This weekend it's back to CDSP Obedience. It's hard to keep all the rules straight in my head. We were practicing yesterday, and my trainer said, "Don't forget, you can talk to him during the heeling in CDSP... USE it!!!" Duh! I forgot!

We also practiced the long stays for AKC Novice. For the first time EVER during the down, he put his tail, down, put his head on his paws and looked totally relaxed! We did it with Dove, my trainer's well known (to him), very reliable Golden next to him, and she wouldn't break a stay if a bomb went off next to her. I think she just gave off such a relaxed vibe that it helped to relax him.

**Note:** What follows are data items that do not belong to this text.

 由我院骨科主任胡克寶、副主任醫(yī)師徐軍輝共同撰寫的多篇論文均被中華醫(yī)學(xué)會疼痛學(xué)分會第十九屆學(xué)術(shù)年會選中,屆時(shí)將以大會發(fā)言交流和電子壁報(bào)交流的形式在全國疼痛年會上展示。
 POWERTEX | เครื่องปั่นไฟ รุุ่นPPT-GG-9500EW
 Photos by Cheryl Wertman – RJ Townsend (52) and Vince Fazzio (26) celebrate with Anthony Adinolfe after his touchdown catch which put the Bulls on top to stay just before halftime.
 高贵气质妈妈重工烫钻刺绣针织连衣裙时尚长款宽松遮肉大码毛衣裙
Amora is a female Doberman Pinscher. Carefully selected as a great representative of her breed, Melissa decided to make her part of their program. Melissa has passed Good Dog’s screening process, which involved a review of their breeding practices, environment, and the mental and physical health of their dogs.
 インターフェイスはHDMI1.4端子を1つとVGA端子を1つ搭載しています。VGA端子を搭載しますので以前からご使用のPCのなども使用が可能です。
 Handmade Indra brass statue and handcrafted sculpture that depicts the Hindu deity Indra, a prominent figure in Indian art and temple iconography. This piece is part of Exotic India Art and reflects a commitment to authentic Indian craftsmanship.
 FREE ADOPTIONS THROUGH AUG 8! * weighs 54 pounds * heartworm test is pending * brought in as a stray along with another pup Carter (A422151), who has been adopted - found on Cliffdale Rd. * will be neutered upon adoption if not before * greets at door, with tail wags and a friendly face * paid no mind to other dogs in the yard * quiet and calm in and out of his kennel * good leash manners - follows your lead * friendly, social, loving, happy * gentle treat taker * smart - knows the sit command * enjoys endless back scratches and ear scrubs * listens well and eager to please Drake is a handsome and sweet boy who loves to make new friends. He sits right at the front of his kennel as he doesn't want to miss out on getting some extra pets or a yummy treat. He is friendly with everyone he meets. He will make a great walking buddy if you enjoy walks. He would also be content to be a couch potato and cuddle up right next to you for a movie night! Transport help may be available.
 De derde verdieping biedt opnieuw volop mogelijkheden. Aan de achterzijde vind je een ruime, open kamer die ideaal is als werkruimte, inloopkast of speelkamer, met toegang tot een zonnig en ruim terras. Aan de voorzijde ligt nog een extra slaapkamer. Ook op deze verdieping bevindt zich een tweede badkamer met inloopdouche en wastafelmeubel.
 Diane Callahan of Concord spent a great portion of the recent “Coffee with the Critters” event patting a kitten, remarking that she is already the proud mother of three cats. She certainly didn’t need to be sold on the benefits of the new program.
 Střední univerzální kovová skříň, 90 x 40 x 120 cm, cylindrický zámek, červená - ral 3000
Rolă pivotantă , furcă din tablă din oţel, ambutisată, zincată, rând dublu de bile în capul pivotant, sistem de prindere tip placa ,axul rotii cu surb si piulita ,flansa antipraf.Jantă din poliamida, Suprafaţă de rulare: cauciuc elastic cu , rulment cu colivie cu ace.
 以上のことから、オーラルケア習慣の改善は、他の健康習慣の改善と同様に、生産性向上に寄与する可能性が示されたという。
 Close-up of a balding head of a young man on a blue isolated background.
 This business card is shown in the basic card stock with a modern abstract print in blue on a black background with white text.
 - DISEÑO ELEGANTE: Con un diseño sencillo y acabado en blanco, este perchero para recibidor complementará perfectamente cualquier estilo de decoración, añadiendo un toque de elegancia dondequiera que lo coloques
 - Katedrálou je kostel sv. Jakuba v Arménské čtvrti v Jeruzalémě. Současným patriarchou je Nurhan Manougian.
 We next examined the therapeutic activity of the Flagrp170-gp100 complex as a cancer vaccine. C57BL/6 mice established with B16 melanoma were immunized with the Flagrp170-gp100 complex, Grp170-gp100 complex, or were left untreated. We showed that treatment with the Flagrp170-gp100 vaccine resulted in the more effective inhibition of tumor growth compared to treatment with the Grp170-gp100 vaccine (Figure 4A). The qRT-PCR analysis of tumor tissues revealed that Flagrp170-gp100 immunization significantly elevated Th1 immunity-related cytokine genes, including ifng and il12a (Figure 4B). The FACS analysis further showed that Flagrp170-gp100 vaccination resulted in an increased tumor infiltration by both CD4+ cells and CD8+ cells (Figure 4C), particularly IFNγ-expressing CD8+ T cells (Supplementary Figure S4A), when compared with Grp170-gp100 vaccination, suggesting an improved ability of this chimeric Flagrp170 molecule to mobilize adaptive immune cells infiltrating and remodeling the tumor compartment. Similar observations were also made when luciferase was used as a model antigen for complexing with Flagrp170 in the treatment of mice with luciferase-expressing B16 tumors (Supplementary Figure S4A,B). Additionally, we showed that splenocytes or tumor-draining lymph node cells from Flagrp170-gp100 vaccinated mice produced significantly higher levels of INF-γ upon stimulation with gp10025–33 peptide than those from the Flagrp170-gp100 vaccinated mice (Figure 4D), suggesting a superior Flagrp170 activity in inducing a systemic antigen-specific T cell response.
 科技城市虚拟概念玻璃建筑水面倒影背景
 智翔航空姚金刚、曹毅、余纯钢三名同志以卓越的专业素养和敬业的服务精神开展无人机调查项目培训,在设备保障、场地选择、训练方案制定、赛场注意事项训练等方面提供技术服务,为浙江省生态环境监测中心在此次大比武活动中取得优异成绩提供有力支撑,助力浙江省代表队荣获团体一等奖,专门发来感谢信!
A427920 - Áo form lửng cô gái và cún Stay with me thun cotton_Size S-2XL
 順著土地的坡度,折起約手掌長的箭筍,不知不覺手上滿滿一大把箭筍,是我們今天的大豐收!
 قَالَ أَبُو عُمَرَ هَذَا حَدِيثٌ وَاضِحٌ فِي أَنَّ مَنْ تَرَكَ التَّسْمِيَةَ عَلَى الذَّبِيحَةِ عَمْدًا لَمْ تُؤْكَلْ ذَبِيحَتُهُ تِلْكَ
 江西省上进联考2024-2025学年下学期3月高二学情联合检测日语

Maybe we'll be ready for Novice stays before we both turn grey!ound: (it's only the stays that are keeping us out of Novice now)


----------



## KSC (Aug 6, 2009)

Awww Karen- adorable picture and descriptions of his work - Kodi loves you and loves what you do with him. So obvious - way to go!


----------



## Momo means Peach (Jun 7, 2011)

That photo of Kodi getting the ribbon is terrific! He looks so pleased with himself.


----------



## The Laughing Magpie (Aug 20, 2009)

Kodi will do fine it just takes time to teach the down as the other dogs are so distracting, what is funny to watch is a dog who is so far advanced they have not been in a stayline with their owner standing across from them...they often look shell shocked! Kinda of the "Whats this"?

Because Yogi was reactive we trained with advanced open dogs, only once did he break and lunge at another dog, a huge dog, it just stayed there and looked at it's owener with this "Hey"? look. My trainer got him right away he never breaks the line and he really does not want a correction (we were waiting for this for a long time). Everyone was once where you are and we all got through it and Kodi has been handled so well by you, it will come. We are the ones that worry about the other dogs in the stay line, one good thing is the small dogs line up in order of height first at akc trials.

Maybe after a time you can find a few other advanced dogs to do practice a bigger stay line. I know you both will do great! I'll be thinking about you both this weekend.


----------



## Julie (Feb 8, 2007)

Congrats Karen and Kodi! Love the photo too! hoto::becky:


----------



## lailacoopers (Dec 19, 2012)

Wow I was really amazed while viewing them, they are absolutely amazing! keep it up karen & kodi!


----------



## Eddie (Feb 11, 2012)

*Great work you guys, looking foward to the video.:whoo:*


----------